Tuesday, September 4, 2012

RECIPE - Bolinhos de Chuva

This recipe for "little cakes of rain" (the direct translation of the Brazilian name bolinhos de chuva) comes from the website of the popular Brazilian morning TV show Mais Você, and is a very typical recipe for the sweet mouthful that is so popular in Brazil.

Tasting and looking very much like the American snack commonly known as doughnut holes, these little round balls are just the right size to pop into the mouth, and just like American doughnuts have a power affinity for a cup of coffee to accompany them.

Bolinhos de chuva must be deep-fried, and anything that claims the name without having been cooked in a deep-fryer is a fraud. That does mean that you'll need to have the proper equipment for deep-frying at home if you wish to make them, and that you know how to deep-fry safely in a home kitchen.
RECIPE - Bolinhos de Chuva

1 large whole egg, lightly beaten
1 cup whole milk, cold
1 Tbsp unsalted butter, softened
2 Tbsp white granulated sugar
pinch of salt
2 cups all-purpose flour
2 tsp baking powder
neutral vegetable oil for frying
1/2 cup granulated white sugar combined with 2 tsp powdered cinnamon (for dusting)
In a large bowl, combine the egg, milk, butter, sugar and salt, beating well to mix thoroughly. Add the flour in batches, beating in each batch before adding more until you have a uniform dough. Add the baking powder and mix in thoroughly.

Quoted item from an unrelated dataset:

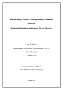 Kamitz, Lea C. (2024) Non-offending partners of those who Have sexually offended: relationship decision-making and others' attitudes. Doctor of Philosophy (PhD) thesis, University of Kent,. (doi:10.22024/UniKent/01.02.105399) (KAR id:105399)

Heat sufficient oil in a deep-frying to medium heat. Using a tablespoon, drop spoonsful of dough into the hot oil and fry them, turning them over once, until they are golden brown. Do not overcrowd the oil; fry them in batches if necessary. Remove the balls from the oil, place them on a wire rack set over several layers of paper towels to drain.

When completely drained and only slightly warm, dust the balls on all side with the sugar and cinnamon mixture. This is best done using a flour sifter and a wire rack. Let the balls cool complete and serve immediately, or keep at room temperature, covered tightly, for up to 24 hours.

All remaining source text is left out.